THE TASK: Return every line of the data below exactly, but do not include the images.

DATA SECTION:
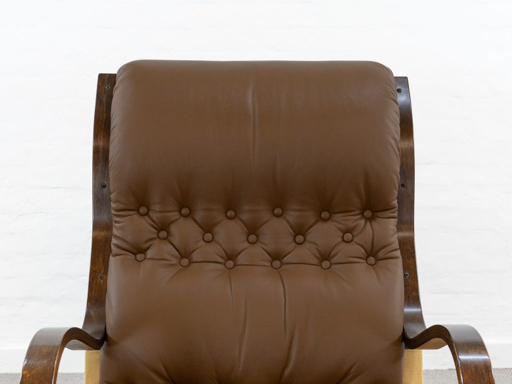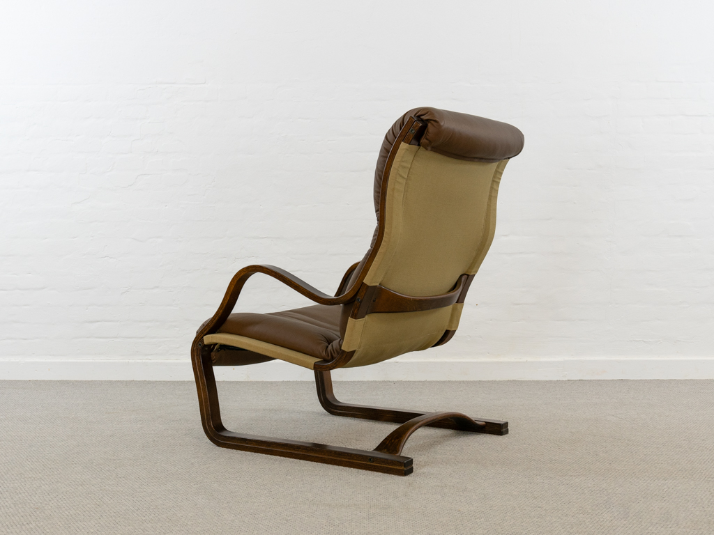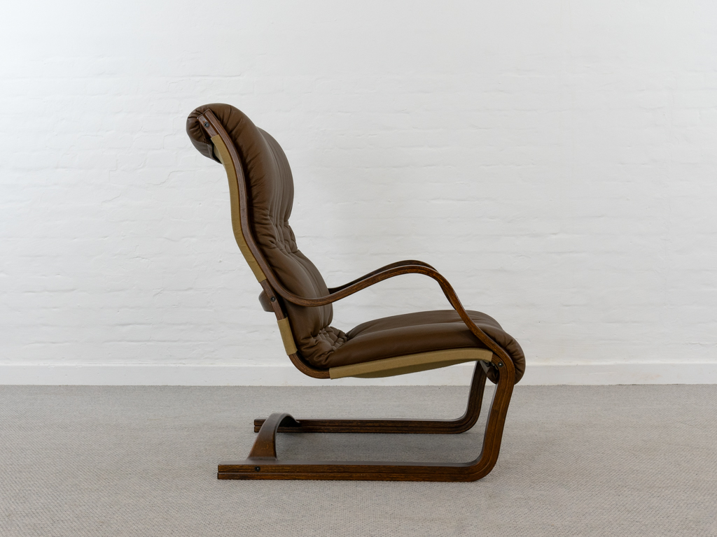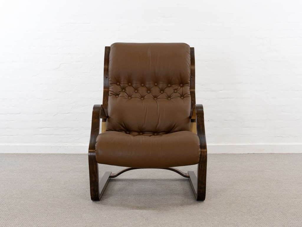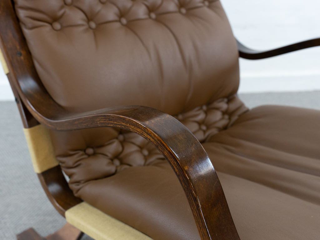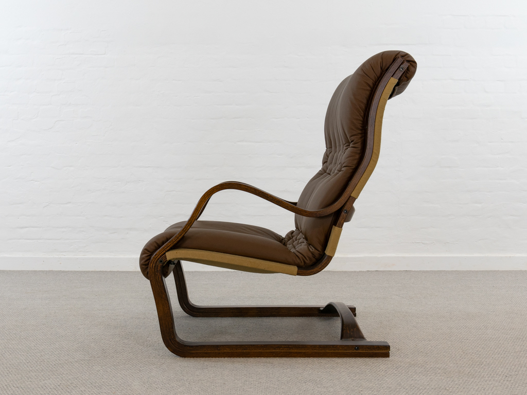 Koivutaru Freischwinger Sessel. Designed 1977 von Esko Pajamies für Asko, Finnland. Bezogen in originalem braunem geknöpftem Leder. Der perfekte Kaminsessel. Tolle Bugholzform der Armlehnen und des Gestells. Gebeiztes Birkenholz – Finnisch: Koivua. Der Sessel diente Ikea als Inspiration für den bekannten Poäng Entwurf. Sehr guter gebrauchter Zustand. Nichraucherobjekt. Maße: H. 100cm, B. 67.5cm, T. 90cm.
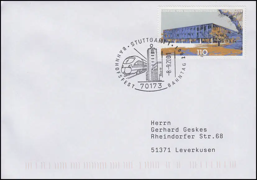 Journée ferroviaire Stuttgart 2001 & ICE et gare ferroviaire, lettre SSt Stuttgart 8.9.2001
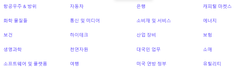 * 이 회사는 아래 내용과 같은 서비스를 제공한다. 크게 5개 산업군으로 구분하여 서비스를 제공한다.
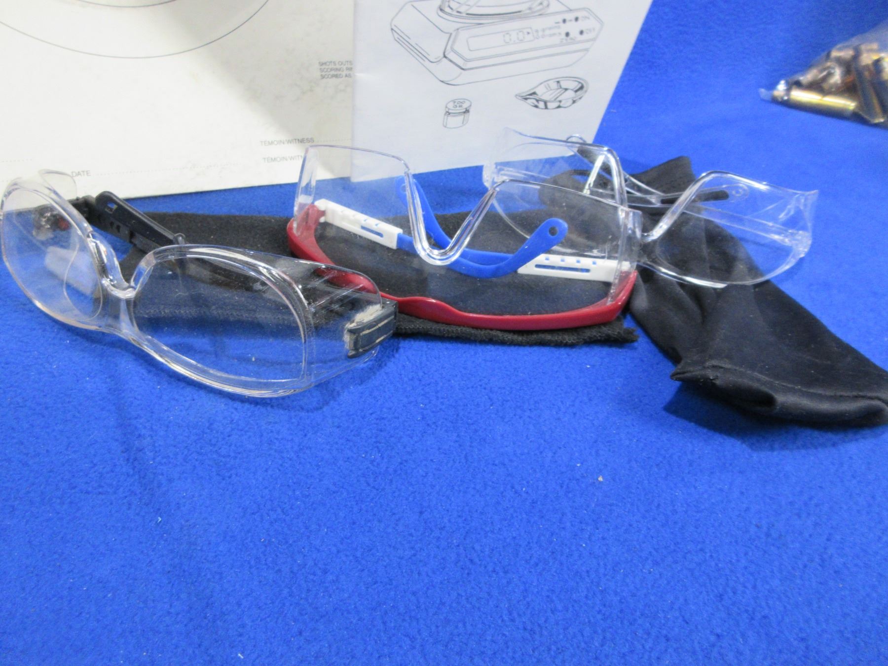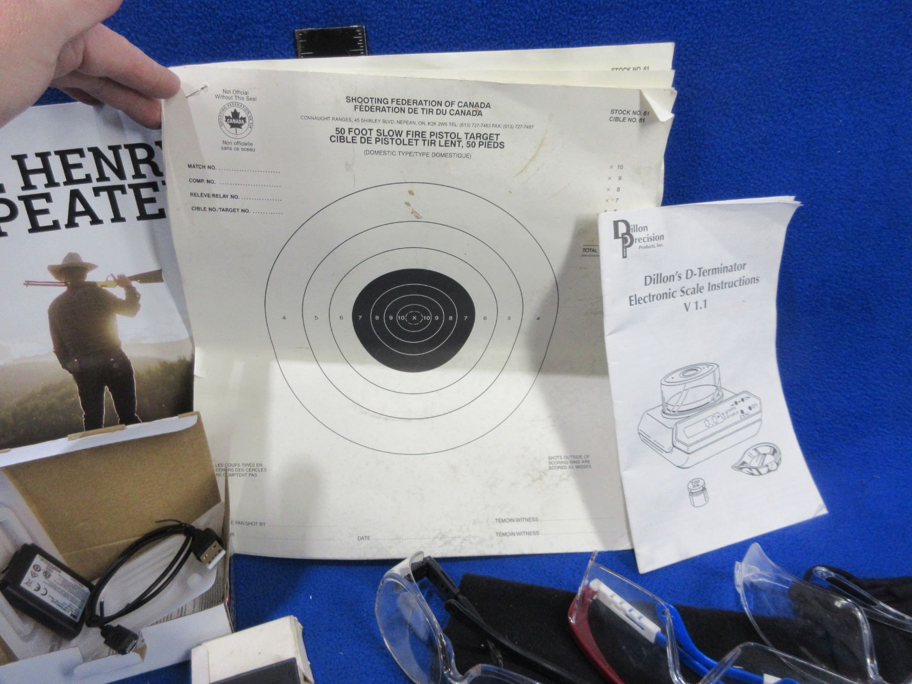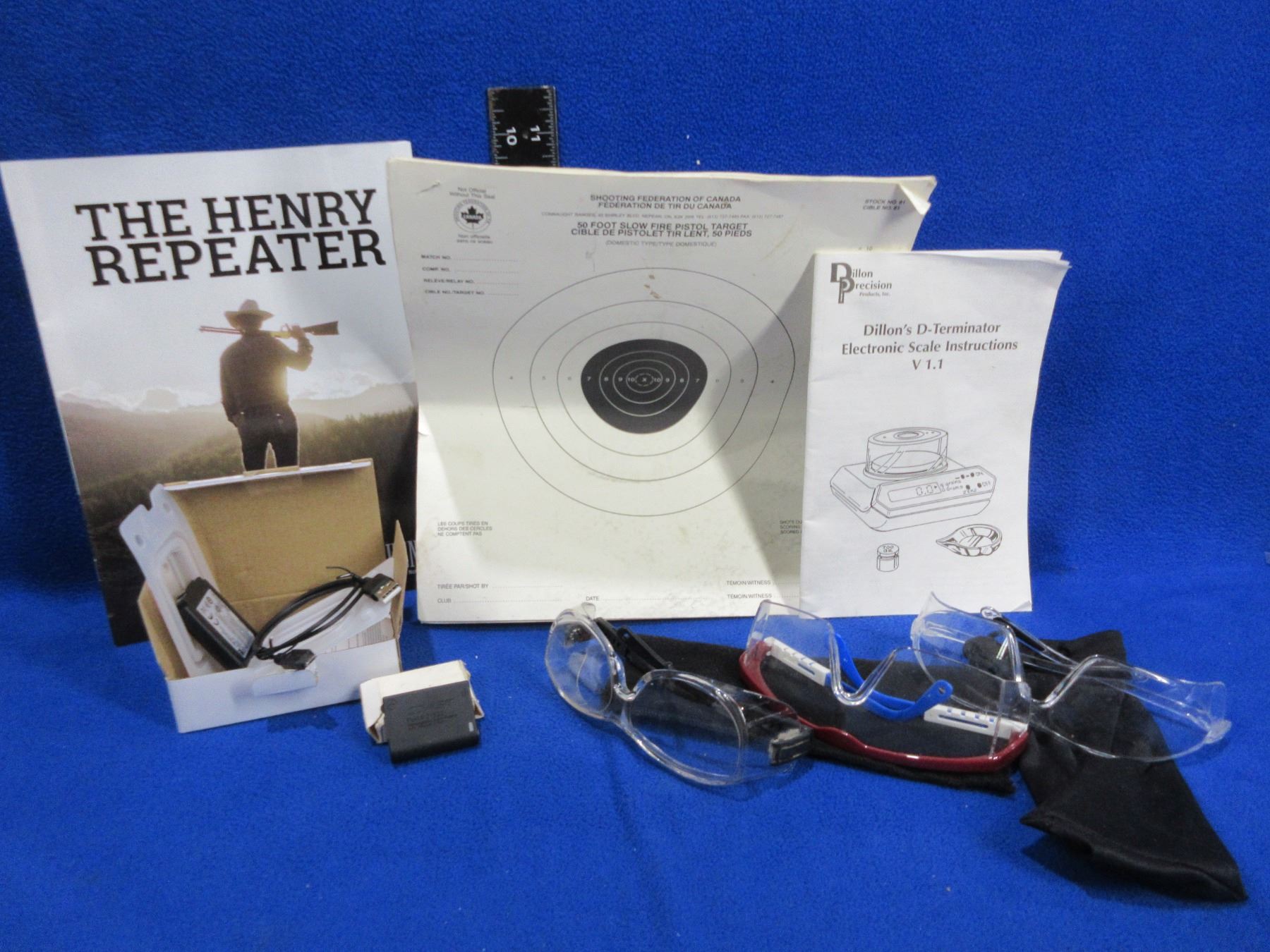 Lot of Misc. - 3 Pairs Shooting Glasses, 3M Alpha 1100 Rechargeable Battery (NEW) and FL 85R Rechargeable (Appears New), The Henry Repeater Magazine, Targets

SOLUTION BELOW:
 Koivutaru Freischwinger Sessel. Designed 1977 von Esko Pajamies für Asko, Finnland. Bezogen in originalem braunem geknöpftem Leder. Der perfekte Kaminsessel. Tolle Bugholzform der Armlehnen und des Gestells. Gebeiztes Birkenholz – Finnisch: Koivua. Der Sessel diente Ikea als Inspiration für den bekannten Poäng Entwurf. Sehr guter gebrauchter Zustand. Nichraucherobjekt. Maße: H. 100cm, B. 67.5cm, T. 90cm.
 Journée ferroviaire Stuttgart 2001 & ICE et gare ferroviaire, lettre SSt Stuttgart 8.9.2001
 * 이 회사는 아래 내용과 같은 서비스를 제공한다. 크게 5개 산업군으로 구분하여 서비스를 제공한다.
 Lot of Misc. - 3 Pairs Shooting Glasses, 3M Alpha 1100 Rechargeable Battery (NEW) and FL 85R Rechargeable (Appears New), The Henry Repeater Magazine, Targets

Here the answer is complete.